Task goal:
Please return only the lines from the one showing "The available double" to the end of the entries, keeping both ends and dropping every picture.

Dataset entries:
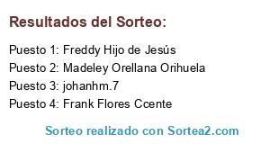Lista de participantes: dilm2323, johanhm.7, maxjensdiaz, el_anny11, fl0rci74_dom1, edwin_victor, jorge.blasblas.7, renzexpp, carlo_jotach, juankaise, manuucaa_, Quilca Baldeon Bryam Yermi, Frank Flores Ccente, Renzo Peña Peña, Paula Cruz Navarro Rios, Edwin Victor Gallegos Quispe, Jhon Carlos AC, Alberto Castillo, Renato Chavez Hidalgo, Daniel Quispe Alvarez, Teresa Mesones, Madeley Orellana Orihuela, Mario Hurtado Bravo, Max Cóndor Arroyo, Juan Acosta S, Eduardo Frank Pariona Camargo, Fredy Rolan Marmanillo Porras, Jhosep Arotinco Francia, Ke Nnyi, Valdev Ricardo, Freddy Hijo de Jesús, Javier Rospigliosi.
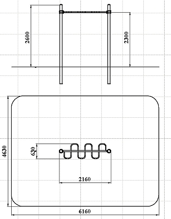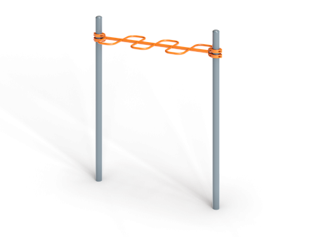 Воркаут состоит из двух несущих столбов и рукохода-змейки с зажимными хомутами.
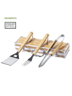Set Barbacoa LenvitSet de barbacoa de línea nature y 3 accesorios fabricados en metal con mango de bambú. Incluye paleta con abridor, trinchador y pinzas. Presentado en estuche imitación bambú, con terminaciones en metal. Presentado en atractiva caja individual de diseño eco.
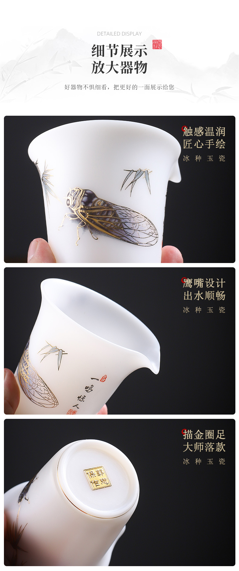 - Guo Zhibao Gongdao Cup Gốm sứ cao cấp Băng ngọc sứ nấu trà chay Bộ trà Kung Fu bom tấn Biển trà đơn
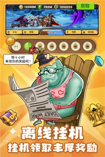 2放置玩法轻松:无需复杂操作与时刻在线,英雄自动战斗,离线也有丰厚奖励。
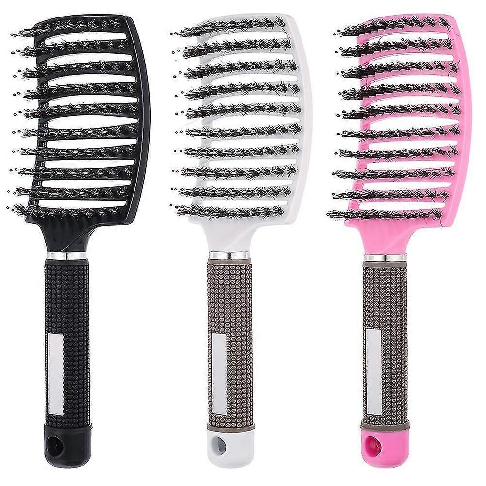 3 Pieces Vented Detangling Hair Brush Boar Bristle Curved Hair Brush Detangling
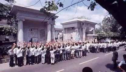67폭동 당시 총독부 앞에서 시위 중인 좌익단체 연합
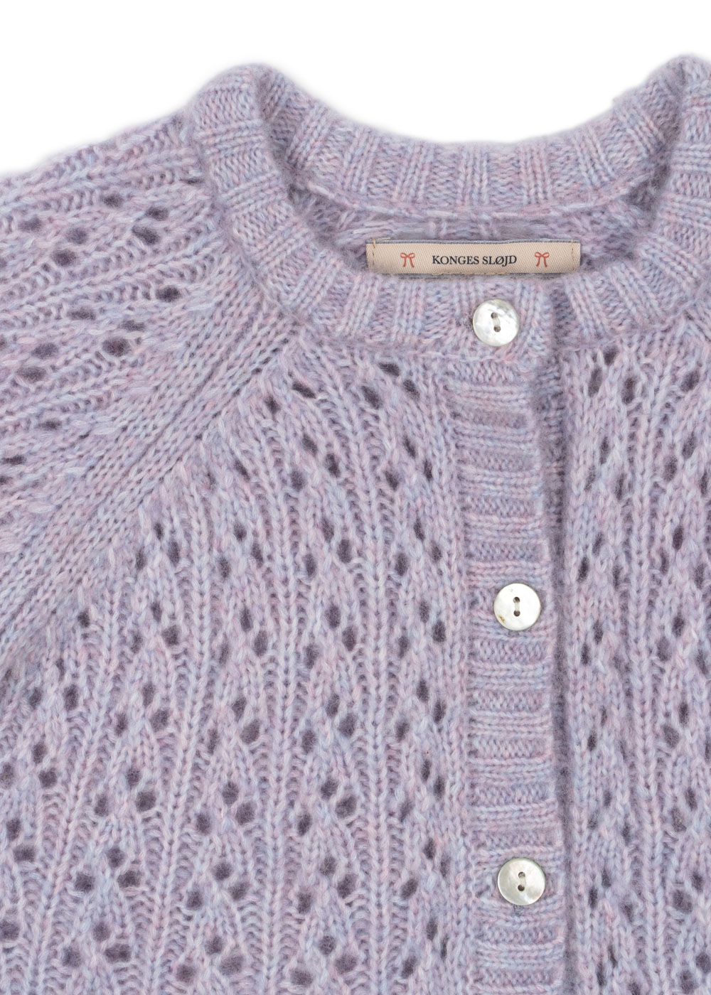 The Isa Cardigan in lavender mist by Konges Sløjd is a beautifully soft and fluffy knit, perfect for layering in cooler weather. Made from a warm and lightweight 50% wool / 50% nylon blend, it offers the ideal mix of breathability, softness, and durability.
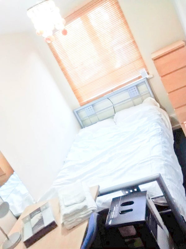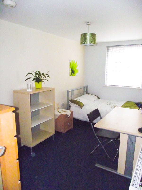 The available double rooms in this apartment are spacious and fully furnished, featuring a bed, study desk, lamp, wardrobe, bookshelf, and chest of drawers. The communal areas include a modern kitchen equipped with essential appliances like a washing machine, oven, microwave, and fridge freezer. The dining area and lounge are perfect for relaxing or socializing, with a coffee table and comfortable leather sofas. The modern bathroom and separate shower room ensure convenience for all residents, while high-speed wireless internet access is available in every room.
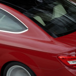 Sono poche le differenze che distaccano la nuova Mercedes Classe C Coupé dalla nuova Mercedes Classe C restyling berlina: un tetto più arcuato, un profilo vagamente più energico (anche se ancora molto molto elegante), una superficie vetrata meno ampia e più appuntita, un terzo volume posteriore meno evidenziato, una portiera in meno per versante, un montante posteriore più obliquo, un lunotto più inclinato. In sostanza, la nuova Classe C Coupé condivide numerosi dettagli con la berlina Classe C d’origine e non brilla per originalità: che, poi, è quello che si chiede in questo segmento: rispetto delle regole, pacatezza, forme comuni.

Written solution:
 The available double rooms in this apartment are spacious and fully furnished, featuring a bed, study desk, lamp, wardrobe, bookshelf, and chest of drawers. The communal areas include a modern kitchen equipped with essential appliances like a washing machine, oven, microwave, and fridge freezer. The dining area and lounge are perfect for relaxing or socializing, with a coffee table and comfortable leather sofas. The modern bathroom and separate shower room ensure convenience for all residents, while high-speed wireless internet access is available in every room.
 Sono poche le differenze che distaccano la nuova Mercedes Classe C Coupé dalla nuova Mercedes Classe C restyling berlina: un tetto più arcuato, un profilo vagamente più energico (anche se ancora molto molto elegante), una superficie vetrata meno ampia e più appuntita, un terzo volume posteriore meno evidenziato, una portiera in meno per versante, un montante posteriore più obliquo, un lunotto più inclinato. In sostanza, la nuova Classe C Coupé condivide numerosi dettagli con la berlina Classe C d’origine e non brilla per originalità: che, poi, è quello che si chiede in questo segmento: rispetto delle regole, pacatezza, forme comuni.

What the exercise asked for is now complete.